Das ist wahr. Ein Wellnessbereich, der was auf sich hält, wird nackt betreten.

s habe in der Vergangenheit Beschwerden von Badegästen gegeben, so etwa von Familien mit Kindern, die sich durch zu knappe Bikinis im Schwimmbereich gestört fühlten. „Wir sind ein Standort, wo viele Kulturen aufeinander treffen“, so eine Sprecherin weiter.
„Freizügigkeit wird nicht immer von allen Besuchergruppen toleriert.“

Ach, gar.

Eben hieß es noch, wir hätten jedwede Toleranz zu zeigen und müssten in jeder Hinsicht tolerant und weltoffen sein, und nun wird uns erklärt, was wir zu unterlassen hätten, weil es nicht „von allen Besuchergruppen toleriert” werde?

Wo bleiben da die Toleranzprediger der SPD und der Grünen?

Das gab allerdings wohl einen Aufstand der Indigenen, weshalb man die Schilder wieder entfernte:

Die Freizeit Metropole Ruhr, zu der die Niederrheintherme gehört, hat nach eigenen Angaben diese Schilder am Mittwoch entfernen lassen.

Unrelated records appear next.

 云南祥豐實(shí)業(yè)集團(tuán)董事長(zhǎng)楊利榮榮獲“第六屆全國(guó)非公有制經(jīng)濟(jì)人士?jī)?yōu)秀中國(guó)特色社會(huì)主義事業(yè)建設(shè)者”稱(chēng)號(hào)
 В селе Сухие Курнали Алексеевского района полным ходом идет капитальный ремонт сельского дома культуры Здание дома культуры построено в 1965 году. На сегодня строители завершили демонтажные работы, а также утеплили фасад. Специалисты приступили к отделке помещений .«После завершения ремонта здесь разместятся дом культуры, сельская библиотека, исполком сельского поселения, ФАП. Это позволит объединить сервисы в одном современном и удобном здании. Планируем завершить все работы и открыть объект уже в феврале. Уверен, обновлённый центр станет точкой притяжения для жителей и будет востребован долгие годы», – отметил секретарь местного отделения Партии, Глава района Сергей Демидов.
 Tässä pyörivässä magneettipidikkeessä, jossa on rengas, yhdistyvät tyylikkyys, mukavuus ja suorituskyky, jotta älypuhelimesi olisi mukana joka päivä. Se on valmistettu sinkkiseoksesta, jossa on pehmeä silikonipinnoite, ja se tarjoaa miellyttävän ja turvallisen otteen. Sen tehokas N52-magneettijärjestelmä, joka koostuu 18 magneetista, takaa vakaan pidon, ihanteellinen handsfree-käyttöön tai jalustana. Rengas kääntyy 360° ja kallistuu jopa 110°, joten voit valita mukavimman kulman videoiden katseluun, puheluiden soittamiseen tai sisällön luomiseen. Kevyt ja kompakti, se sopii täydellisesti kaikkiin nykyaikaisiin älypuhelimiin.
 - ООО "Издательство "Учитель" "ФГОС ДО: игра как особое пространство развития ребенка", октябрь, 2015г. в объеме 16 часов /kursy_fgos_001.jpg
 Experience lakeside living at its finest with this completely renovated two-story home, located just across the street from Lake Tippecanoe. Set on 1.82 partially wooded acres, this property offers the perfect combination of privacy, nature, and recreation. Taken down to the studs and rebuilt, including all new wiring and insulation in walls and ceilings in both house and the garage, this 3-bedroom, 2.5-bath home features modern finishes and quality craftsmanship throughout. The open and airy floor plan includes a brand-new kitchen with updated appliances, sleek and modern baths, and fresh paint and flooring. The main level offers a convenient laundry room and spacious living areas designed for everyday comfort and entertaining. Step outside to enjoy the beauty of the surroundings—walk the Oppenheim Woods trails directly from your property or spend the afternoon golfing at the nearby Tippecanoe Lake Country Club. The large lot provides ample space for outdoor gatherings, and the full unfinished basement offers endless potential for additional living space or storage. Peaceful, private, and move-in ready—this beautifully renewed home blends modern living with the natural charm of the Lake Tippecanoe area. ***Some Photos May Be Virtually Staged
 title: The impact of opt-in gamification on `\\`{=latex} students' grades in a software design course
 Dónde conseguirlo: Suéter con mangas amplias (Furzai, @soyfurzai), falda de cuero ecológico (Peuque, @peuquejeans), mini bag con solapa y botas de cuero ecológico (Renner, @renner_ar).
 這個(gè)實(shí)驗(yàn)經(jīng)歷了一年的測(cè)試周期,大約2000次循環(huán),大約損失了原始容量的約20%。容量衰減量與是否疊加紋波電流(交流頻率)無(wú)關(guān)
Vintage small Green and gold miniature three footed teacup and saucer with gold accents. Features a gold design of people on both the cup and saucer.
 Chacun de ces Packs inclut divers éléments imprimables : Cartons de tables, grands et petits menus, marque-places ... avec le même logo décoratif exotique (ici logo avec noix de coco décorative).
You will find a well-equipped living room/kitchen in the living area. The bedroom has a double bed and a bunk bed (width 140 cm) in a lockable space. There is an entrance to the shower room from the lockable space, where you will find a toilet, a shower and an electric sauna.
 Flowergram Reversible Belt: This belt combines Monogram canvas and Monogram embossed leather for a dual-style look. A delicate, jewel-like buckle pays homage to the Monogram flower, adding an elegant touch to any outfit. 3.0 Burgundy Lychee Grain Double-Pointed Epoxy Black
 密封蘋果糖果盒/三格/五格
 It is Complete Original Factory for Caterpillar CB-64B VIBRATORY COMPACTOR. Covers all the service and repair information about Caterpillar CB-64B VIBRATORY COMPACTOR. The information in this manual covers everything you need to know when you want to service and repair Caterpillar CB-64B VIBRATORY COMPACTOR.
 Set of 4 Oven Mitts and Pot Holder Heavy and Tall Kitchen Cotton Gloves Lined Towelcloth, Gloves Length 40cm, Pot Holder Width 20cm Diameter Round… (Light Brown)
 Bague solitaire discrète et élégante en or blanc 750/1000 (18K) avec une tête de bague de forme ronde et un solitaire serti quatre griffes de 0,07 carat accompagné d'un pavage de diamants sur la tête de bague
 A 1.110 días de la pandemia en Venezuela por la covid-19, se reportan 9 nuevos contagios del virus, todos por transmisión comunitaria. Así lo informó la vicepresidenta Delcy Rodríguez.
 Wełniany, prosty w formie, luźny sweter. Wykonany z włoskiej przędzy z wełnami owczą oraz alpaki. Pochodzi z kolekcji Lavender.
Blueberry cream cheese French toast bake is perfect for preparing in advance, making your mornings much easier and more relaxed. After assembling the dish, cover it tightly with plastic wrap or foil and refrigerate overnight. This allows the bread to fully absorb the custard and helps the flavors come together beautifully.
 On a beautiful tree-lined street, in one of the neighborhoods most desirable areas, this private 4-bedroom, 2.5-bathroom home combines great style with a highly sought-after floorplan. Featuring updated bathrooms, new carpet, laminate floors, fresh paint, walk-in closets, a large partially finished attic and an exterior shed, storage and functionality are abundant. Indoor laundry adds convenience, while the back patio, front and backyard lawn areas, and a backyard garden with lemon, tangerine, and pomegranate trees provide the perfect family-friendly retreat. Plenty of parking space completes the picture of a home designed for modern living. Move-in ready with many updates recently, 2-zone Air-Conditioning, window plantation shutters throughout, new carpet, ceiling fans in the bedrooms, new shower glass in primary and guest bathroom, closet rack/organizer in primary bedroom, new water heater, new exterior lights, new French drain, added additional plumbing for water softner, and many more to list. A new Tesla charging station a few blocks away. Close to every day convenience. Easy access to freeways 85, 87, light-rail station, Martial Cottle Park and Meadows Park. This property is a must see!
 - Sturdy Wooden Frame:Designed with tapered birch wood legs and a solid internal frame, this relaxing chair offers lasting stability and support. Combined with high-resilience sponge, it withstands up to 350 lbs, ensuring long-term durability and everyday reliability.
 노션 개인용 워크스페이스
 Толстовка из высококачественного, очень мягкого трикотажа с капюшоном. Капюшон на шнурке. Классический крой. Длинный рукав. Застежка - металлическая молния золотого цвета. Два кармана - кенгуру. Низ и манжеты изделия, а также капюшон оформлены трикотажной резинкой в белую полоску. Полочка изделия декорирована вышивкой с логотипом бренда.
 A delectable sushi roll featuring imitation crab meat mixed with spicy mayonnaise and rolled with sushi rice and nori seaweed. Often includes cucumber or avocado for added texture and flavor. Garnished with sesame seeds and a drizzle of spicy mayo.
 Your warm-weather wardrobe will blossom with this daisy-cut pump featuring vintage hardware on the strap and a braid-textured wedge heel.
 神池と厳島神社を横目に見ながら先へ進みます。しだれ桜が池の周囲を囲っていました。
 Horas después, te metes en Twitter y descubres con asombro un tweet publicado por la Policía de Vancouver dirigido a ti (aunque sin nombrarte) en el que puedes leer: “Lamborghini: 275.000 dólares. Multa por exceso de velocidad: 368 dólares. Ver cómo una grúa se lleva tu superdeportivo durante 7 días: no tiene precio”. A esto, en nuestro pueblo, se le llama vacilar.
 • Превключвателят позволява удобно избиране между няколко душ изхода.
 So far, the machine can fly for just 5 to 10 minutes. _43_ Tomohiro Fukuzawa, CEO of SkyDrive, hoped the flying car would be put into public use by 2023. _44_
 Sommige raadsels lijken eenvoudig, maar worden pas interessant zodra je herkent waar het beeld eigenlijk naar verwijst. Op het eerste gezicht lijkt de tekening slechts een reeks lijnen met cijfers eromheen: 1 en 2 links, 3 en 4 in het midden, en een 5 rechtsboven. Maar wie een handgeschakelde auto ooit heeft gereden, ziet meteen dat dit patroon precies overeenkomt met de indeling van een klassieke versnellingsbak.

Geschäftsführer Jürgen Hecht erklärt, dass die Badeordnung lediglich fordere, dass der Schambereich eines Badegastes im Nicht-FKK-Bereich bedeckt sein müsse. „Dies bedeutet definitiv kein Verbot für Bikinis, Tankinis oder Ähnliches in unseren Bädern und so auch nicht in der Niederrhein-Therme im Revierpark Mattlerbusch.“ Eine reduzierte Badekleidung sei heute Bestandteil des Modespektrums, die teilweise in den hauseigenen Shops auch selber zum Verkauf angeboten würden.

Hecht sagt, dass Mitarbeiter mit den Schildern wohl „übers Ziel hinaus geschossen“ seien. Wer zuvor Kritik an zu knappen Badehöschen im Bad geäußert hat, kann er nicht sagen. Eine Sprecherin hatte am Tag zuvor von Beschwerden – vor allem von Familien mit Kinder – berichtet.

Mit über 300.000 Besuchern jährlich gehöre der Mattlerbusch zu den größten Wellness-Anlagen Deutschlands. Allein wegen der Größenordnung sei es denkbar, dass unterschiedliche Vorstellungen aufeinander treffen. „Ich wünsche mir mehr Toleranz in der Gesellschaft und dass man auch einfach mal wegsieht, wenn einem etwas nicht passt“, sagt der 50 Jahre alte
Hecht.

Den Satz finde ich prächtig: „Eine reduzierte Badekleidung sei heute Bestandteil des Modespektrums”.

Wobei festzuhalten wäre, dass eine Badeordnung, die lediglich das Bedecken des Schambereichs (die Südpol-Feministinnen werden ihm schon noch einheizen, wieso man sich dafür zu schämen habe) fordere, damit Raum für völlig entblößte hintere und vordere Rundungen lässt, und damit eigentlich das oben-ohne-Baden erlaubt.

Wesen und Reichweite der „Toleranz” bedürfen weiterer Erörterung.